[Material supplied — start]

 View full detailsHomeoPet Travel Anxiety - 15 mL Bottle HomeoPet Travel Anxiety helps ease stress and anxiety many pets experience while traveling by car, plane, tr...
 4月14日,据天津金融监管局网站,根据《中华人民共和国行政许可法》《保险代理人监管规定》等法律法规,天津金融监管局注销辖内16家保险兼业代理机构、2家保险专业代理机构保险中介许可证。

[Material supplied — finish]
[Material supplied — start]

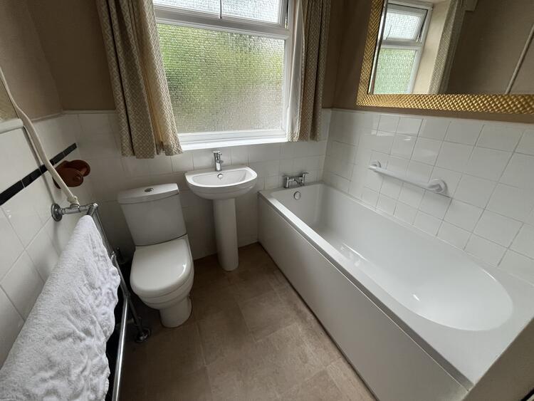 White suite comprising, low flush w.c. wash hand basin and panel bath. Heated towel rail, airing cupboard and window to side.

[Material supplied — finish]
[Material supplied — start]

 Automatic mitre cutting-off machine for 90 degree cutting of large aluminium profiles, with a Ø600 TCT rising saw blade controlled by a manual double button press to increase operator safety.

[Material supplied — finish]

§ The task: Word for word, restate the lines of the data above that fall between the line holding "View full detailsHomeoPet" and the line holding "4月14日,据天津金融监管局", inclusive, and no other lines.

§ Exercise response:
 View full detailsHomeoPet Travel Anxiety - 15 mL Bottle HomeoPet Travel Anxiety helps ease stress and anxiety many pets experience while traveling by car, plane, tr...
 4月14日,据天津金融监管局网站,根据《中华人民共和国行政许可法》《保险代理人监管规定》等法律法规,天津金融监管局注销辖内16家保险兼业代理机构、2家保险专业代理机构保险中介许可证。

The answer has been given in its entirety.